- _Your instructions_
Look below for the line with "Elige colores favorecedores" and the line with "Elevate your style". Copy exactly those two lines and every line between, but not the pictures.

- _Dataset entries_
[Start of Attachment]

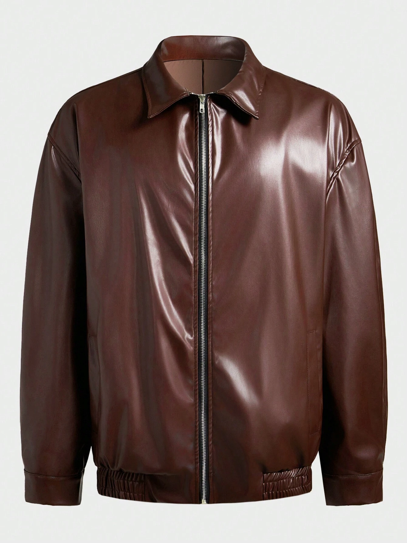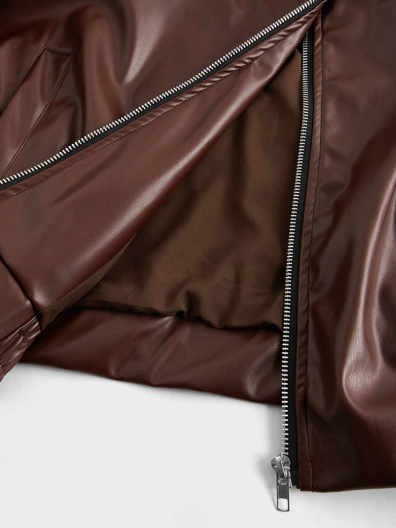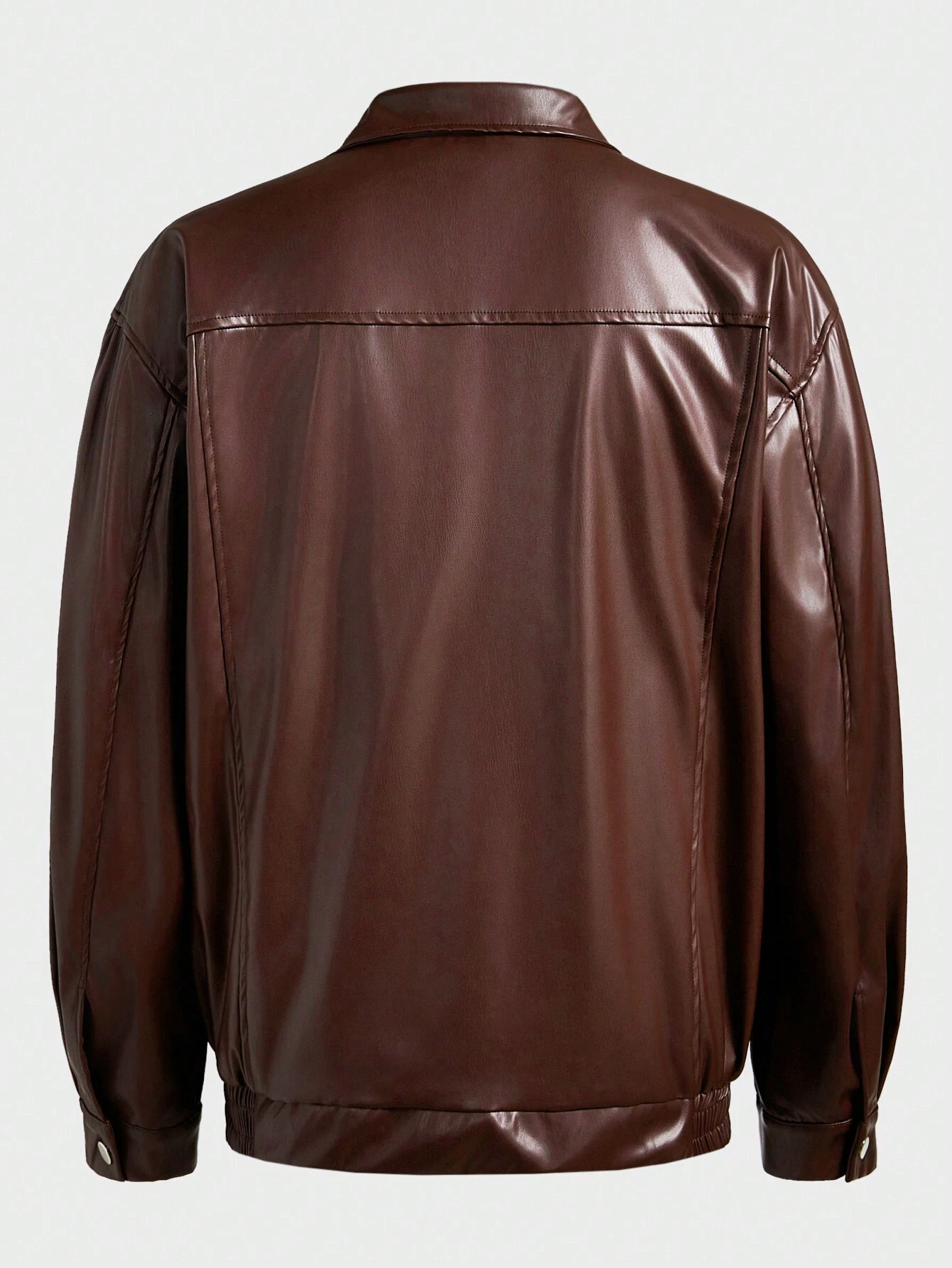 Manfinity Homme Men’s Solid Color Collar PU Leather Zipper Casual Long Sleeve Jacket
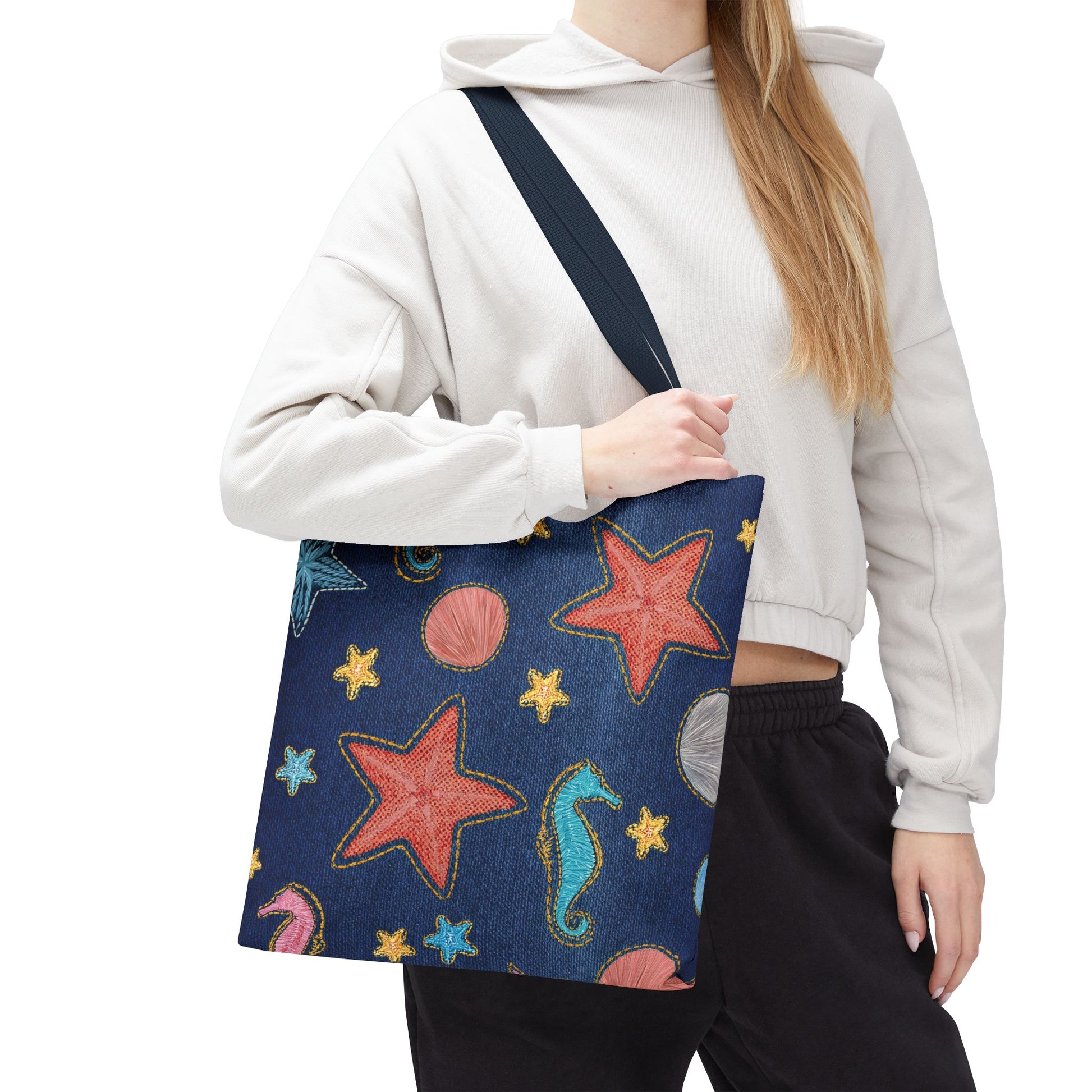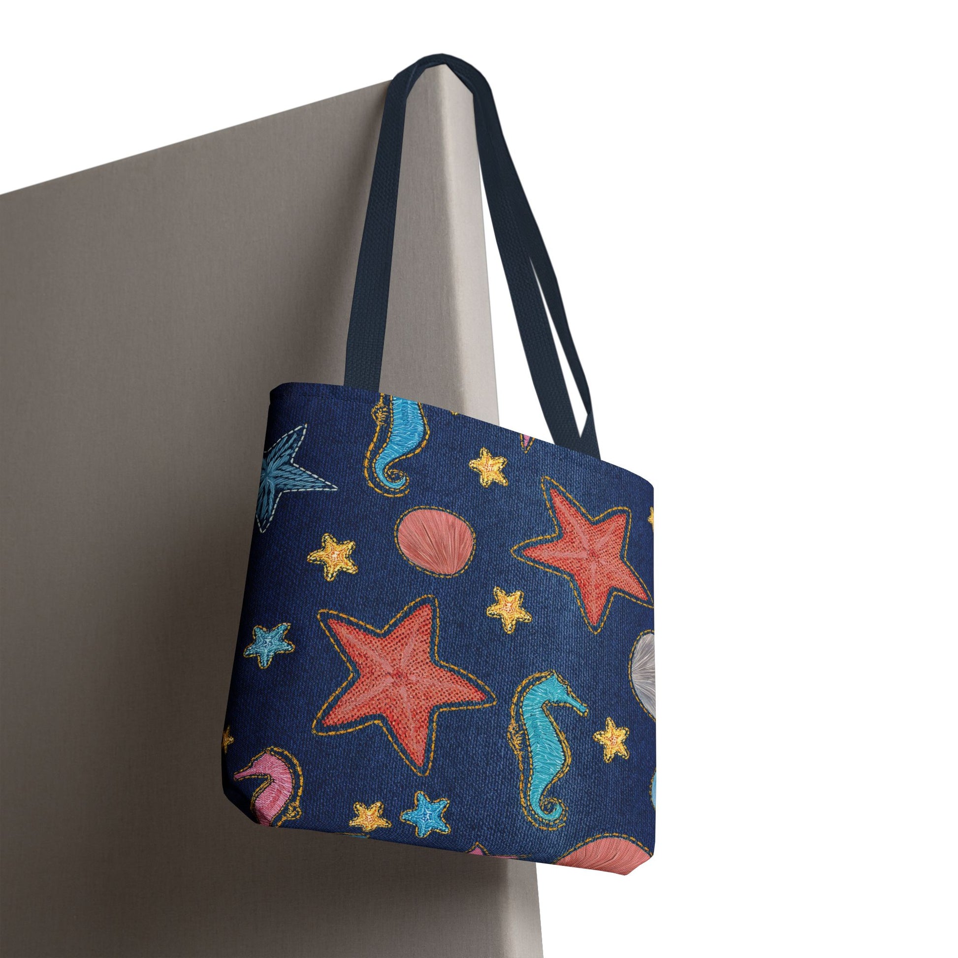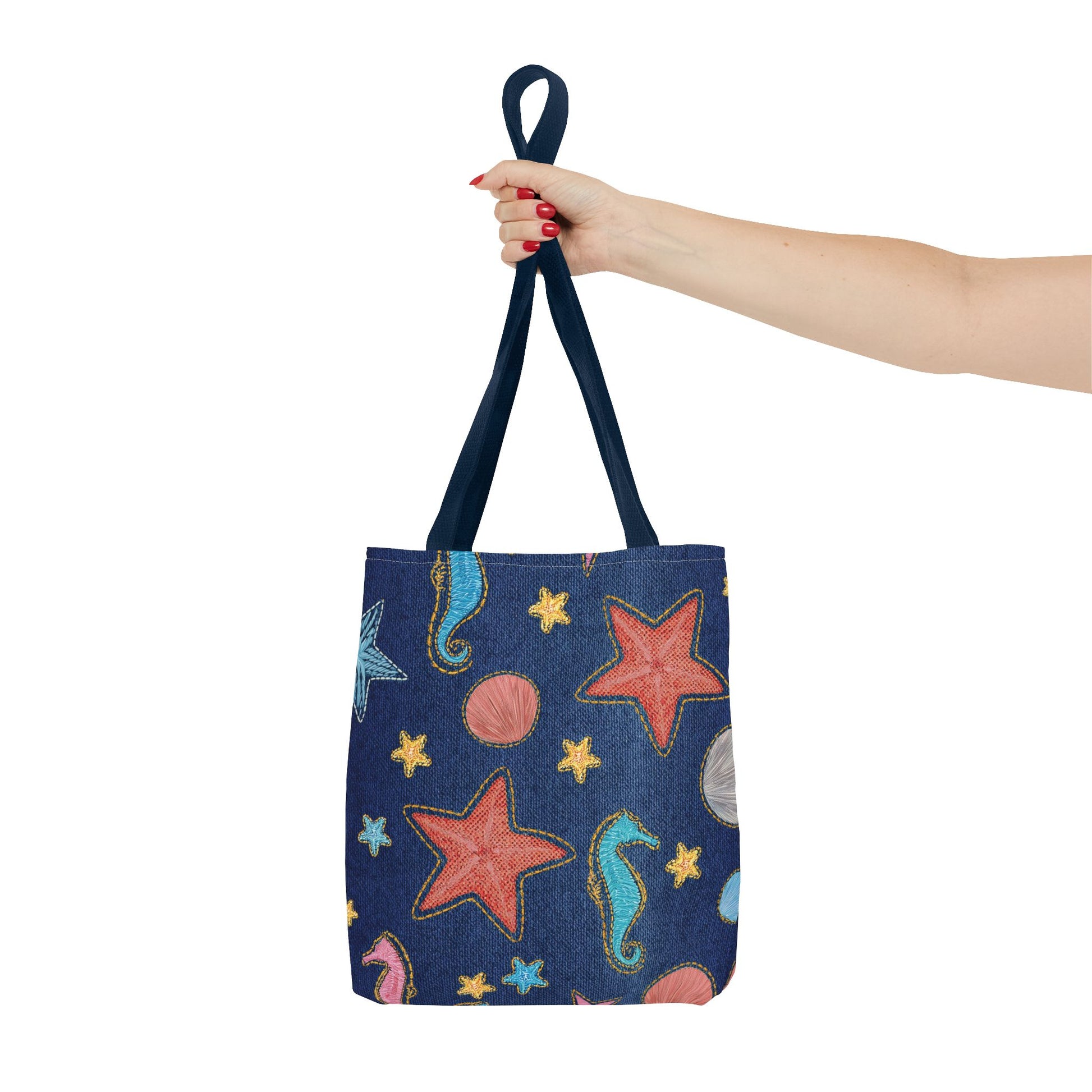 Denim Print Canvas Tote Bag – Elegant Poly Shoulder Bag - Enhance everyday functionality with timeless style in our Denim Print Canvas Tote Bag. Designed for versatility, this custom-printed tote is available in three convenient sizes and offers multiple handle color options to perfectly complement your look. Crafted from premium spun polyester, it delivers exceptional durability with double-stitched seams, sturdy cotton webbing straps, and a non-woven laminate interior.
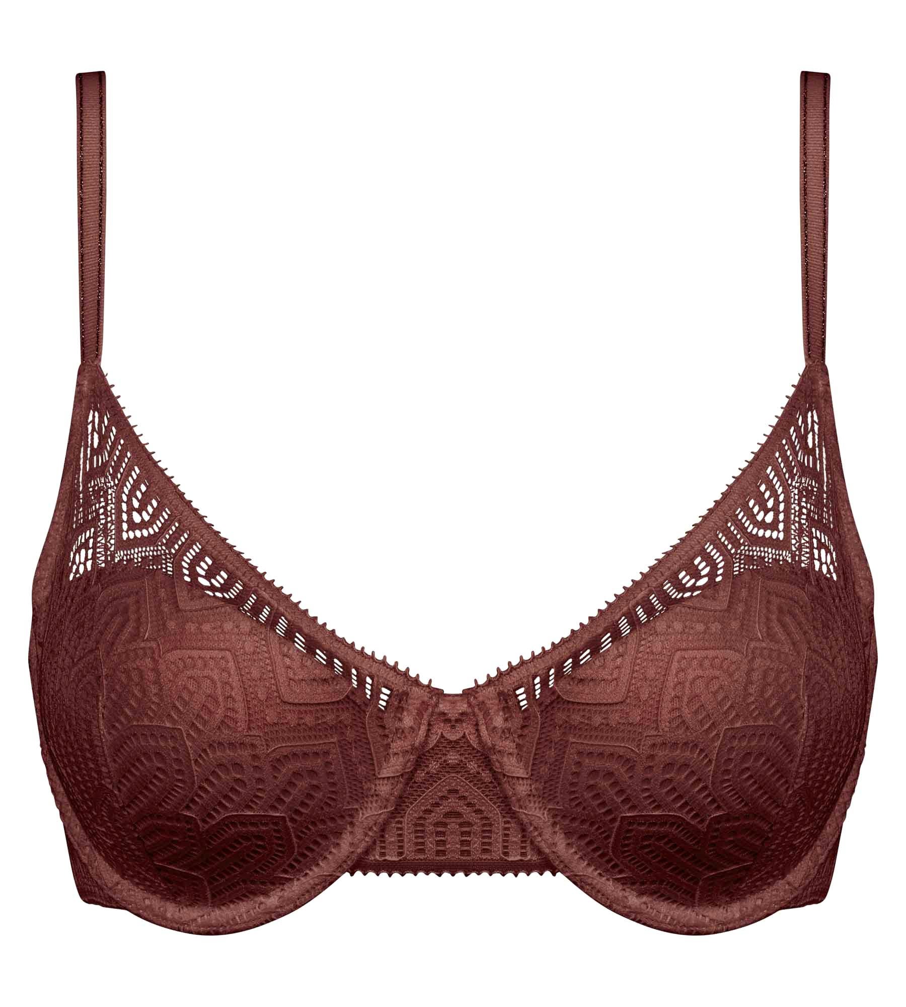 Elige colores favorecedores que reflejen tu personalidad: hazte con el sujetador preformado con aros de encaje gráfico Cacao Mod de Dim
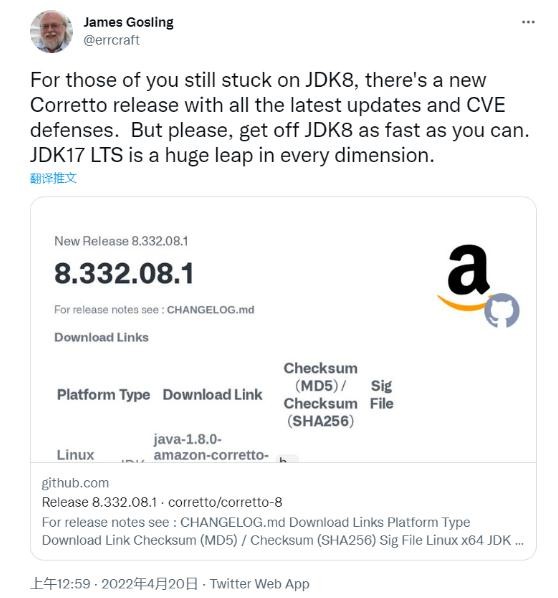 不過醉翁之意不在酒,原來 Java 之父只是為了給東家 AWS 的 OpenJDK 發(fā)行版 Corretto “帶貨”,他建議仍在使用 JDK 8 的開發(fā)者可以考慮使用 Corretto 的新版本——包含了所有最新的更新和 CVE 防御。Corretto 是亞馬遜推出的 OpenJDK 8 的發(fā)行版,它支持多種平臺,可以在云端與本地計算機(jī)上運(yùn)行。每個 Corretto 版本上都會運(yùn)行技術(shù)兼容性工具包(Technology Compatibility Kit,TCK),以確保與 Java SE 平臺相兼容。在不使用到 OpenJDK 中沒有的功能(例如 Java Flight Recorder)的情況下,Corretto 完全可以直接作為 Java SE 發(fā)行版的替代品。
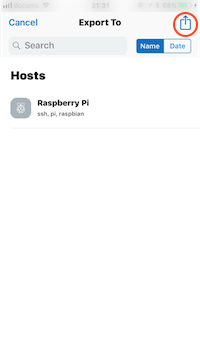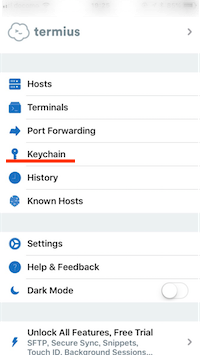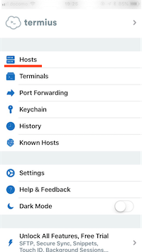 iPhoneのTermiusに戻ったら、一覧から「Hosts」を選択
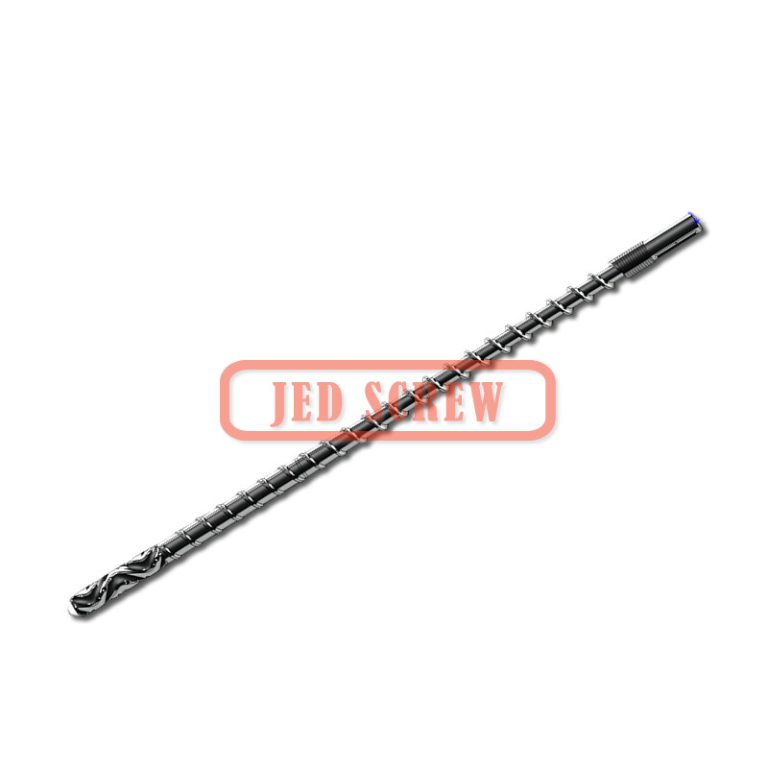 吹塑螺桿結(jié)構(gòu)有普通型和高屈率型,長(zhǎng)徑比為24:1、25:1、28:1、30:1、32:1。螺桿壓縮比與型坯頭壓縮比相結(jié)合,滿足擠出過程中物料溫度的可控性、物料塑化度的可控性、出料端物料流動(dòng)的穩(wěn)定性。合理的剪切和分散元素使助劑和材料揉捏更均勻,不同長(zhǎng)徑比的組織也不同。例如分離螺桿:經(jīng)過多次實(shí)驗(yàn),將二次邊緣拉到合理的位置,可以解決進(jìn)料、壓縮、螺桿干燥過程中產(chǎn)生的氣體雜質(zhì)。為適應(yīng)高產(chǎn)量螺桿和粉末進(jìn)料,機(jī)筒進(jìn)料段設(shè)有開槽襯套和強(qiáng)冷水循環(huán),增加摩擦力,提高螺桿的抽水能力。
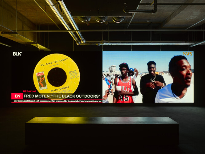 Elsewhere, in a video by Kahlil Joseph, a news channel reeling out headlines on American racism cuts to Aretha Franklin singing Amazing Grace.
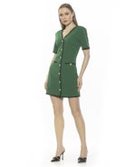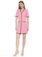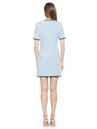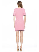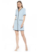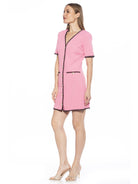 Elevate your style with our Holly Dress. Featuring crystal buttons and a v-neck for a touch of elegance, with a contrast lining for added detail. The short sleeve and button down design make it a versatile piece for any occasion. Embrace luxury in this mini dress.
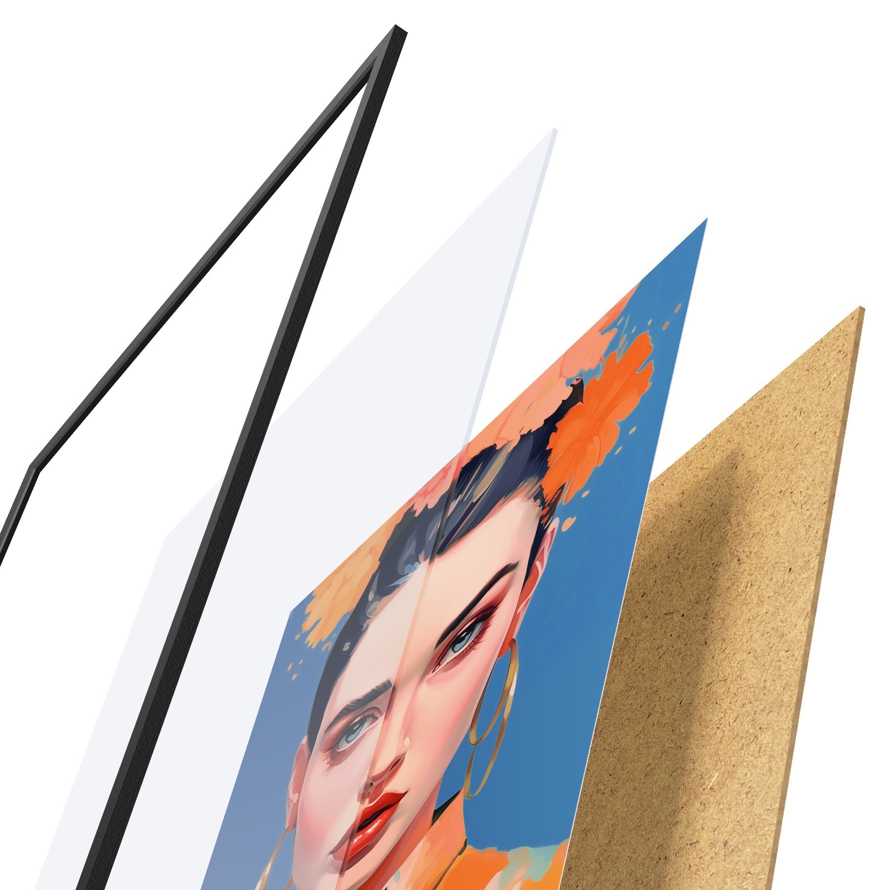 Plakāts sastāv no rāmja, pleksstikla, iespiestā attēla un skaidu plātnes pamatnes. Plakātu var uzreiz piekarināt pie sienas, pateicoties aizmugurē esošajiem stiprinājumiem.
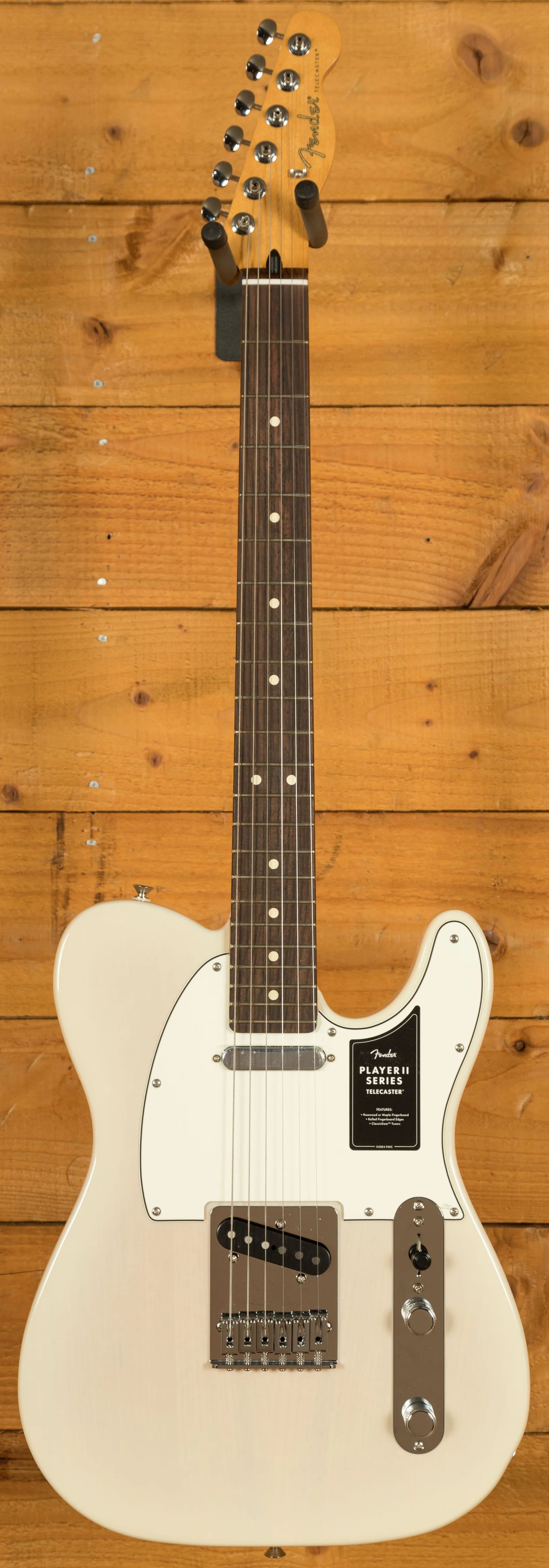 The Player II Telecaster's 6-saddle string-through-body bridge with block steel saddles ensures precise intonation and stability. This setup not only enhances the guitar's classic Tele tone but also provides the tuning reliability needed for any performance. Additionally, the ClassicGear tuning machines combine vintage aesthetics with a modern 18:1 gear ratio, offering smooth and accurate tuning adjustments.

[End of Attachment]

- _Answer for the task_
 Elige colores favorecedores que reflejen tu personalidad: hazte con el sujetador preformado con aros de encaje gráfico Cacao Mod de Dim
 不過醉翁之意不在酒,原來 Java 之父只是為了給東家 AWS 的 OpenJDK 發(fā)行版 Corretto “帶貨”,他建議仍在使用 JDK 8 的開發(fā)者可以考慮使用 Corretto 的新版本——包含了所有最新的更新和 CVE 防御。Corretto 是亞馬遜推出的 OpenJDK 8 的發(fā)行版,它支持多種平臺,可以在云端與本地計算機(jī)上運(yùn)行。每個 Corretto 版本上都會運(yùn)行技術(shù)兼容性工具包(Technology Compatibility Kit,TCK),以確保與 Java SE 平臺相兼容。在不使用到 OpenJDK 中沒有的功能(例如 Java Flight Recorder)的情況下,Corretto 完全可以直接作為 Java SE 發(fā)行版的替代品。
 iPhoneのTermiusに戻ったら、一覧から「Hosts」を選択
 吹塑螺桿結(jié)構(gòu)有普通型和高屈率型,長(zhǎng)徑比為24:1、25:1、28:1、30:1、32:1。螺桿壓縮比與型坯頭壓縮比相結(jié)合,滿足擠出過程中物料溫度的可控性、物料塑化度的可控性、出料端物料流動(dòng)的穩(wěn)定性。合理的剪切和分散元素使助劑和材料揉捏更均勻,不同長(zhǎng)徑比的組織也不同。例如分離螺桿:經(jīng)過多次實(shí)驗(yàn),將二次邊緣拉到合理的位置,可以解決進(jìn)料、壓縮、螺桿干燥過程中產(chǎn)生的氣體雜質(zhì)。為適應(yīng)高產(chǎn)量螺桿和粉末進(jìn)料,機(jī)筒進(jìn)料段設(shè)有開槽襯套和強(qiáng)冷水循環(huán),增加摩擦力,提高螺桿的抽水能力。
 Elsewhere, in a video by Kahlil Joseph, a news channel reeling out headlines on American racism cuts to Aretha Franklin singing Amazing Grace.
 Elevate your style with our Holly Dress. Featuring crystal buttons and a v-neck for a touch of elegance, with a contrast lining for added detail. The short sleeve and button down design make it a versatile piece for any occasion. Embrace luxury in this mini dress.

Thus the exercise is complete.